▶ _What you have to do_
Once you find the line with "Портфель мужской из" in the listing below, set down exactly every line from it through the line with "Last move : 1-0", but no pictures.

▶ _Data_
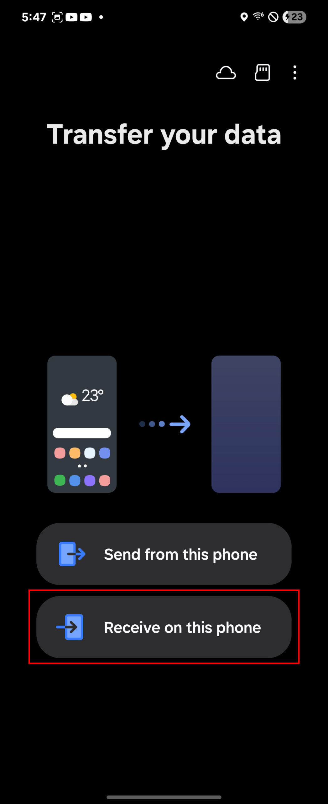 - Once you get to the Transfer your data screen, select Receive on this phone.
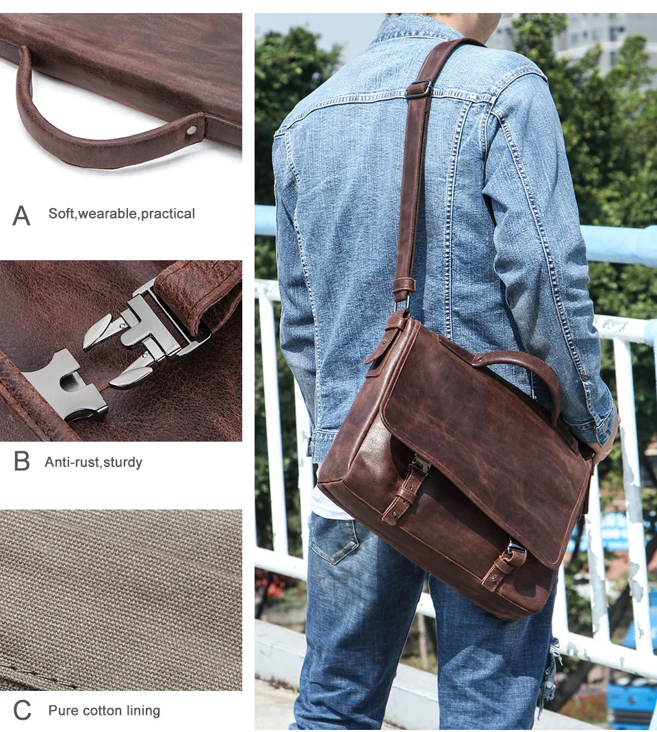 Портфель мужской из натуральной кожи, повседневный саквояж на плечо...
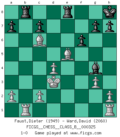 Last move : 1-0 2020 August 10 23:14:31 [Event "FICGS__CHESS__CLASS_B__000325"] [Site "FICGS"] [Date "2020.05.31"] [Round "1"] [White "Faust,Dieter"] [Black "Ward,David"] [Result "1-0"] [WhiteElo "1949"] [BlackElo "2060"] 1.e4 e5 2.Nc3 Nf6 3.f4 d5 4.fxe5 Nxe4 5.d3 Nxc3 6.bxc3 d4 7.Rb1 Nc6 8.Nf3 Bc5 9.cxd4 Bxd4 10.Nxd4 Qh4+ 11.g3 Qxd4 12.Bg2 Nxe5 13.Bb2 Qe3+ 14.Qe2 Qxe2+ 15.Kxe2 O-O 16.Bxe5 Re8 17.d4 f6 18.Bd5+ Kh8 19.Bxb7 Rb8 20.Bc6 Bg4+ 21.Kd3 1-0 Vienna gambit Kingside Castling by player Black (move 15) Player White won this chess game. Follow this game move after move (download)The sign of a great Master is his ability to win a won game quickly and painlessly. (Irving Chernev) Modernes Schach erfordert enorme Anspannung. Es ist für einen normalen Menschen unmöglich das auszuhalten. (Viktor Kortschnoi) Me dio la sensación de como si yo estuviera jugando en contra del mismo Ajedrez. - al estar jugando en contra de Robert Fischer (Walter Shipman) Je crois qu'il existe des manières très spécifiques de jouer efficacement contre une machine. Evidemment, nous n'avons aucune chance en technique pure, parce que l'ordinateur calcule de manière parfaite. Mais lorsque nous faisons appel à notre cerveau, en utilisant l'intuition et la compréhension, alors nous restons beaucoup plus forts. (Anatoli Karpov) Question: Is 'This statement is paradoxical' a paradoxical statement ? Or is it a meta-paradox ? (Normajean Yates)
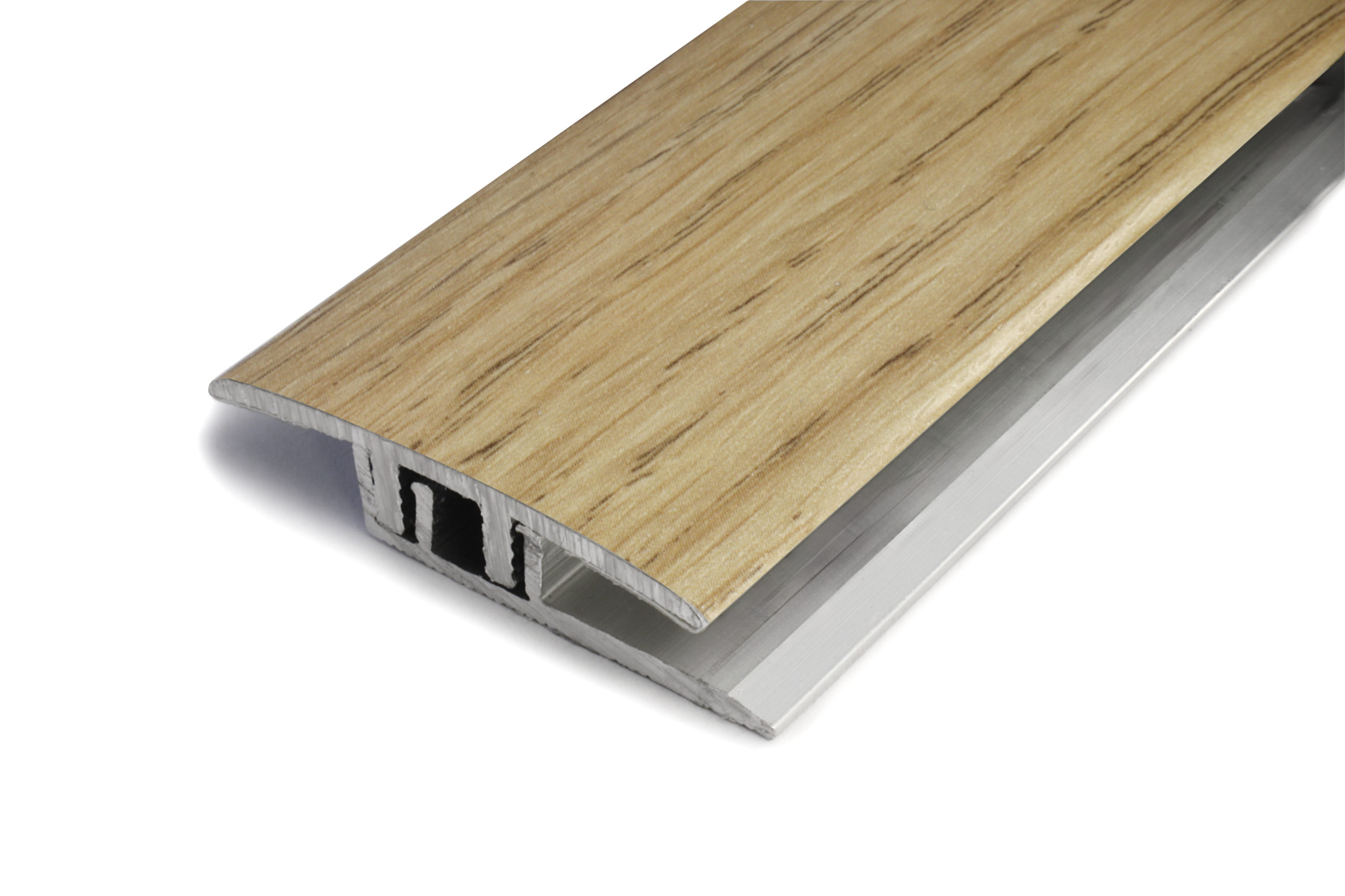 Metal cover strip with under rail. The multi-purpose Dione cover strip is suitable for joining floor materials in the same plane and for finishing expansion joints. Suitable for material thickness of 3.5-6.5 mm. The wood textured metal cover strip is Natural oak in colour. The durable metal strip is also suitable as a threshold. Thanks to the different material and colour options, the Dione cover strip completes the interior and connects the floor surfaces in a stylish way.

▶ _Answer to this task_
 Портфель мужской из натуральной кожи, повседневный саквояж на плечо...
 Last move : 1-0 2020 August 10 23:14:31 [Event "FICGS__CHESS__CLASS_B__000325"] [Site "FICGS"] [Date "2020.05.31"] [Round "1"] [White "Faust,Dieter"] [Black "Ward,David"] [Result "1-0"] [WhiteElo "1949"] [BlackElo "2060"] 1.e4 e5 2.Nc3 Nf6 3.f4 d5 4.fxe5 Nxe4 5.d3 Nxc3 6.bxc3 d4 7.Rb1 Nc6 8.Nf3 Bc5 9.cxd4 Bxd4 10.Nxd4 Qh4+ 11.g3 Qxd4 12.Bg2 Nxe5 13.Bb2 Qe3+ 14.Qe2 Qxe2+ 15.Kxe2 O-O 16.Bxe5 Re8 17.d4 f6 18.Bd5+ Kh8 19.Bxb7 Rb8 20.Bc6 Bg4+ 21.Kd3 1-0 Vienna gambit Kingside Castling by player Black (move 15) Player White won this chess game. Follow this game move after move (download)The sign of a great Master is his ability to win a won game quickly and painlessly. (Irving Chernev) Modernes Schach erfordert enorme Anspannung. Es ist für einen normalen Menschen unmöglich das auszuhalten. (Viktor Kortschnoi) Me dio la sensación de como si yo estuviera jugando en contra del mismo Ajedrez. - al estar jugando en contra de Robert Fischer (Walter Shipman) Je crois qu'il existe des manières très spécifiques de jouer efficacement contre une machine. Evidemment, nous n'avons aucune chance en technique pure, parce que l'ordinateur calcule de manière parfaite. Mais lorsque nous faisons appel à notre cerveau, en utilisant l'intuition et la compréhension, alors nous restons beaucoup plus forts. (Anatoli Karpov) Question: Is 'This statement is paradoxical' a paradoxical statement ? Or is it a meta-paradox ? (Normajean Yates)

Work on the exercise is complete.